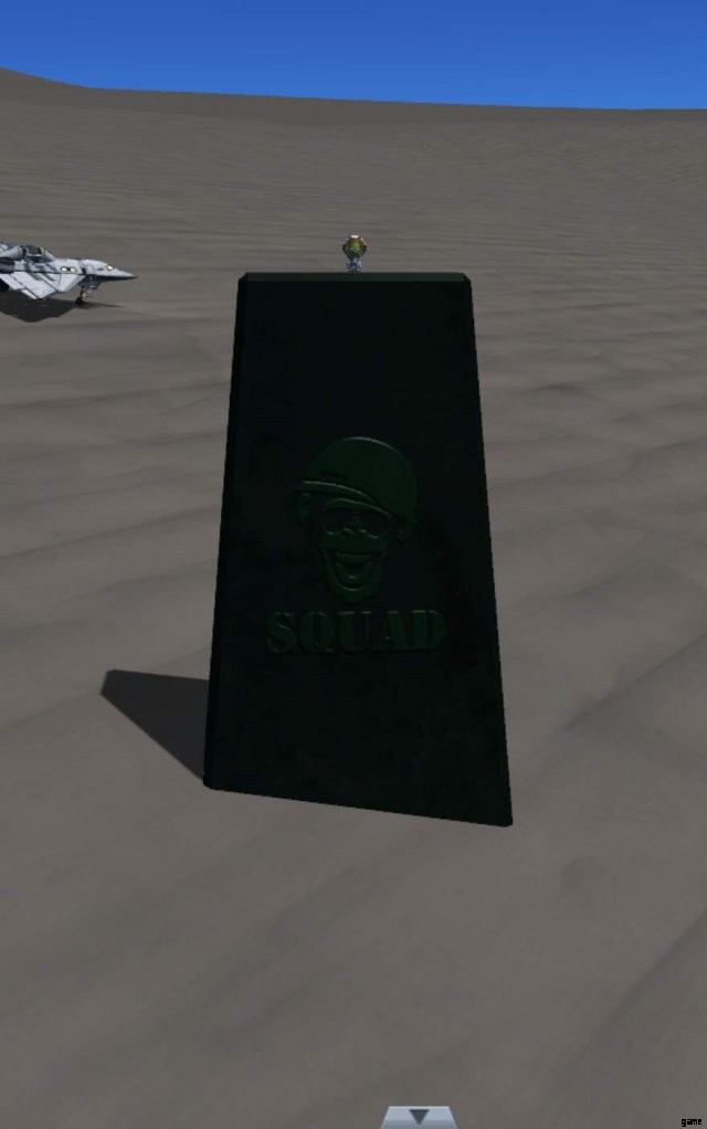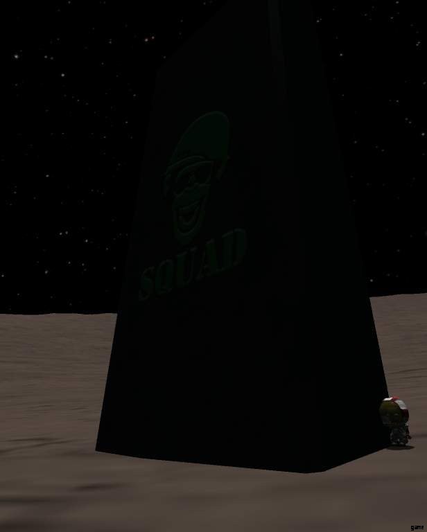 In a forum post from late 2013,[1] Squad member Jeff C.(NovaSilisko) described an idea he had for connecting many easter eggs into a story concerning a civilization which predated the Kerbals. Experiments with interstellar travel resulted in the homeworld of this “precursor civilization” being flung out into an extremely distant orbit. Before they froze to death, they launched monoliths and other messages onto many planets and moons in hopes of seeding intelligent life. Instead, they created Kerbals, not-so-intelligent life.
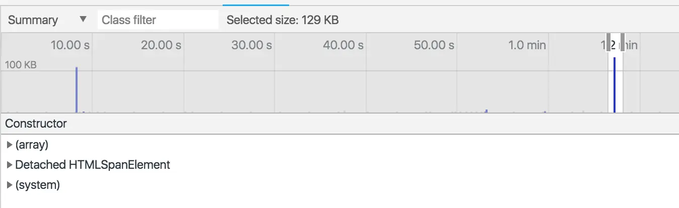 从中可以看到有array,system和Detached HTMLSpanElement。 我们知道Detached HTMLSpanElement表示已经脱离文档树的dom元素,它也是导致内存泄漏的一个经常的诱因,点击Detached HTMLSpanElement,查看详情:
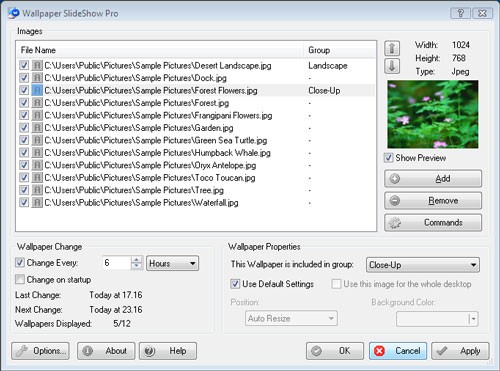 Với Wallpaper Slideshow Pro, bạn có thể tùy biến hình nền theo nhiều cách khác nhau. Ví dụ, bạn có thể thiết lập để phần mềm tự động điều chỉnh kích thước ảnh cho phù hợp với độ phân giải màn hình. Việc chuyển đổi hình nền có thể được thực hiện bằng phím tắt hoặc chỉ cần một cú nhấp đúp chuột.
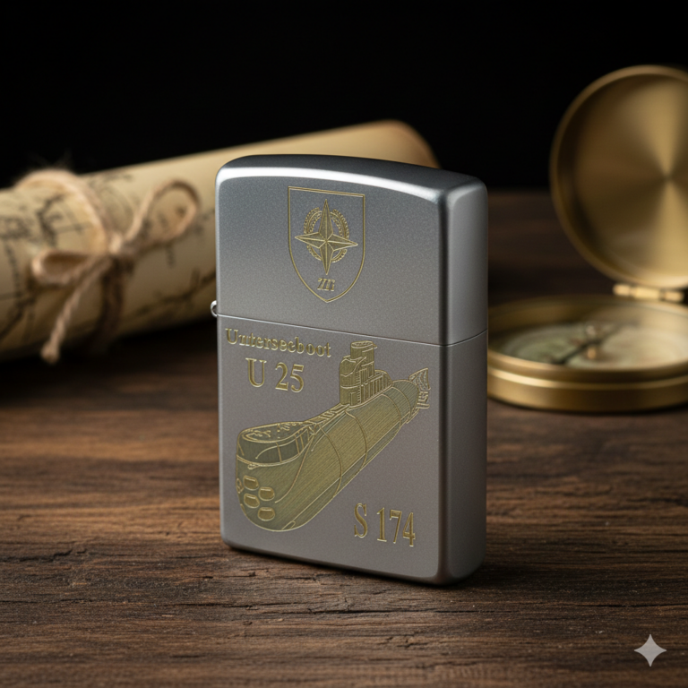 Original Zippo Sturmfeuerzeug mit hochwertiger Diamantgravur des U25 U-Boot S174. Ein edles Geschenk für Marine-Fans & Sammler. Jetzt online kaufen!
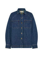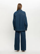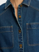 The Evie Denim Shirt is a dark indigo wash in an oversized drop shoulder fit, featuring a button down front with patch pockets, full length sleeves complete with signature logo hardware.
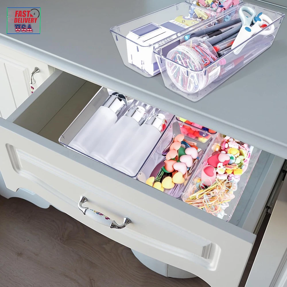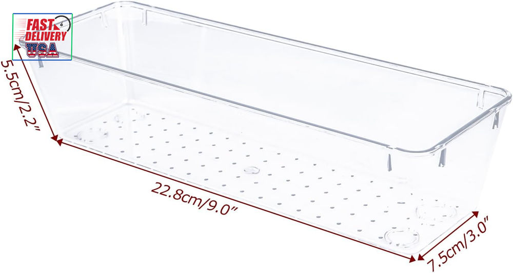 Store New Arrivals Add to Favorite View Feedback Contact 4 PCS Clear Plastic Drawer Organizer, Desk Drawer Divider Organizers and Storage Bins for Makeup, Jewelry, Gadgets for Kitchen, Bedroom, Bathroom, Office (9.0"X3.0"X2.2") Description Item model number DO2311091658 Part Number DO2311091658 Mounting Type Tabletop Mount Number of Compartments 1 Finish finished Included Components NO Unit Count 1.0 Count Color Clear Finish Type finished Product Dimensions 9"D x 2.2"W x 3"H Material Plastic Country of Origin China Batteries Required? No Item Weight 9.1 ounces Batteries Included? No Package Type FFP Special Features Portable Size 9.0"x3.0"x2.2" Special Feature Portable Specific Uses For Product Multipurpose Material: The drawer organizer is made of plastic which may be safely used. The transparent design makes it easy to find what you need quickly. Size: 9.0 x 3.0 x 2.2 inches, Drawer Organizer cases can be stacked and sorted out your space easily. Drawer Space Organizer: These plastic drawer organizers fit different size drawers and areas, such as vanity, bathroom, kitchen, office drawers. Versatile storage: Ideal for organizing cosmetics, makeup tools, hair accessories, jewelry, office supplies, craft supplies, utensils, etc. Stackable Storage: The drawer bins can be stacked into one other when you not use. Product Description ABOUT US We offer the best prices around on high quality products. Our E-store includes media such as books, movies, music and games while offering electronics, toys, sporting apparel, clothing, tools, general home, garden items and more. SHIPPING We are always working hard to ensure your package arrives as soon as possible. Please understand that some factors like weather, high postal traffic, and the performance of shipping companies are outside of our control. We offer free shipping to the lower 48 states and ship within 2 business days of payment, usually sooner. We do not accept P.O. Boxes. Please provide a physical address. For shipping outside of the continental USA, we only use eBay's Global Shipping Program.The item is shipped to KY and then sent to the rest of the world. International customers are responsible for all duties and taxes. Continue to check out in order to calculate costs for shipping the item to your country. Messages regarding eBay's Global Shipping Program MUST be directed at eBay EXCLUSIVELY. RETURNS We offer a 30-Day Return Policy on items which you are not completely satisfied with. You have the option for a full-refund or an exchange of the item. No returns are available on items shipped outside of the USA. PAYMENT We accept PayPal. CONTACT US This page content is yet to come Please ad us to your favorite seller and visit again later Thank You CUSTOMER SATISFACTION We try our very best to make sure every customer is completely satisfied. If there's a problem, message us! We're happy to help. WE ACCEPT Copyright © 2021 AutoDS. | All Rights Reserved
==
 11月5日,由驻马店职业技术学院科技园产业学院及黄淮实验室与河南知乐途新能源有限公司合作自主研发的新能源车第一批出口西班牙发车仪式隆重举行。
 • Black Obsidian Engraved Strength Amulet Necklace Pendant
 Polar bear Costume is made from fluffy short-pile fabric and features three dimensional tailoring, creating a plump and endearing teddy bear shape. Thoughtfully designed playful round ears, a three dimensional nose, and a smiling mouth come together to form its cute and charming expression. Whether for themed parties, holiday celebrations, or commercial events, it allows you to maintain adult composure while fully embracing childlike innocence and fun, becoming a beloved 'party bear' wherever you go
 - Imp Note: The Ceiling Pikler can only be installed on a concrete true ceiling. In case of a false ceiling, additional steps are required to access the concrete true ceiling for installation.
---
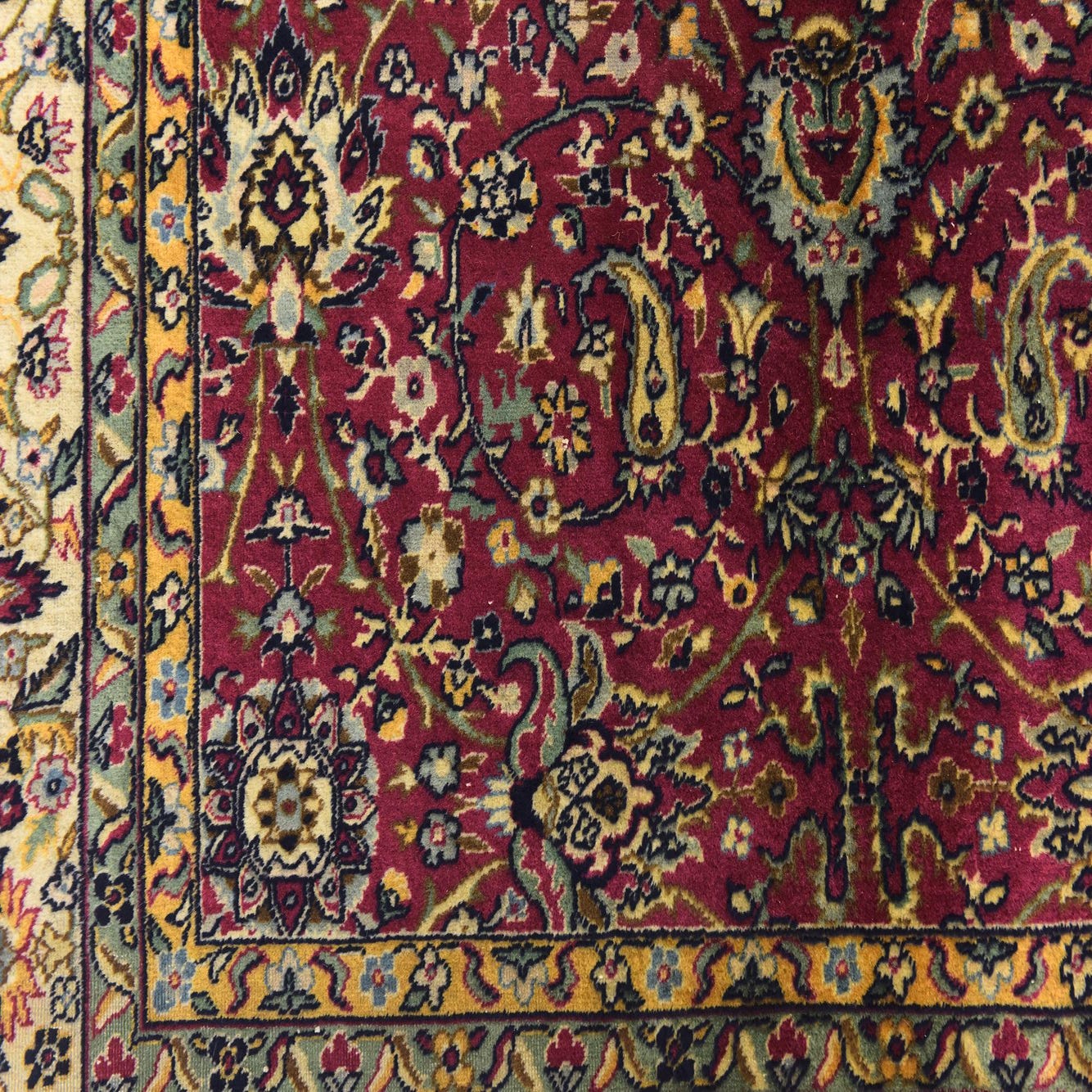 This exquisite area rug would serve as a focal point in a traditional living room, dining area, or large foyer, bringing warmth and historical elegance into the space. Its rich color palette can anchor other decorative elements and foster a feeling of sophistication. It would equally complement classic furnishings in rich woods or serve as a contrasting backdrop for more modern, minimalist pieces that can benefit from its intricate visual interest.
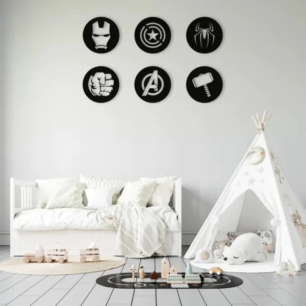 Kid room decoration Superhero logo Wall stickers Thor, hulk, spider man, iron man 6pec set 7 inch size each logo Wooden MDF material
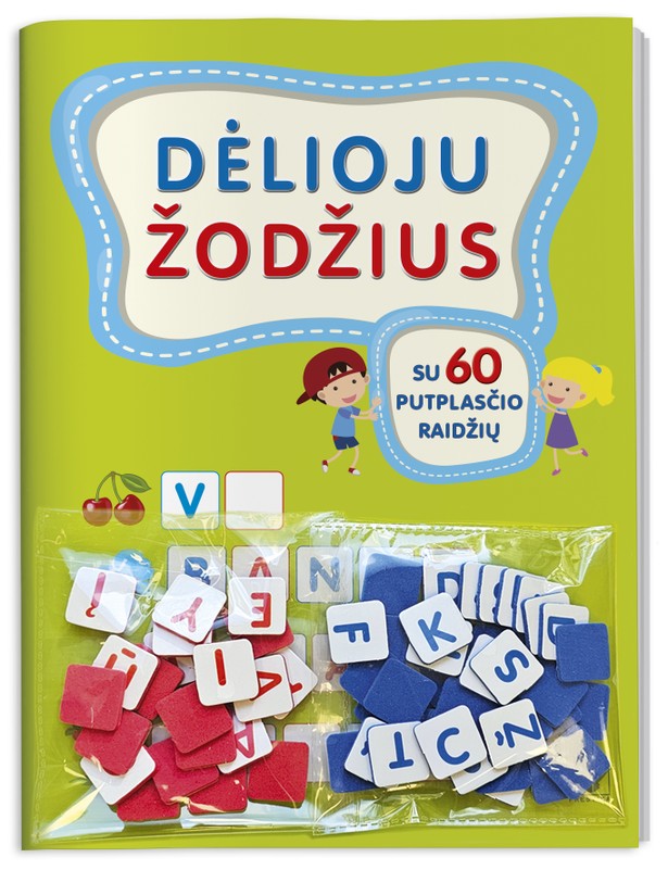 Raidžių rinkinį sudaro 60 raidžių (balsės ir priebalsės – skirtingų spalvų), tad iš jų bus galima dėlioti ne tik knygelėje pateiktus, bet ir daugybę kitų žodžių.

> [Work request]: Above are records; repeat only the lines from the line with "In a forum post" through the line with "从中可以看到有array,system和Detached HTMLSpanElement。 我们知道Detached", and leave pictures out.

> [Exercise output]:
 In a forum post from late 2013,[1] Squad member Jeff C.(NovaSilisko) described an idea he had for connecting many easter eggs into a story concerning a civilization which predated the Kerbals. Experiments with interstellar travel resulted in the homeworld of this “precursor civilization” being flung out into an extremely distant orbit. Before they froze to death, they launched monoliths and other messages onto many planets and moons in hopes of seeding intelligent life. Instead, they created Kerbals, not-so-intelligent life.
 从中可以看到有array,system和Detached HTMLSpanElement。 我们知道Detached HTMLSpanElement表示已经脱离文档树的dom元素,它也是导致内存泄漏的一个经常的诱因,点击Detached HTMLSpanElement,查看详情:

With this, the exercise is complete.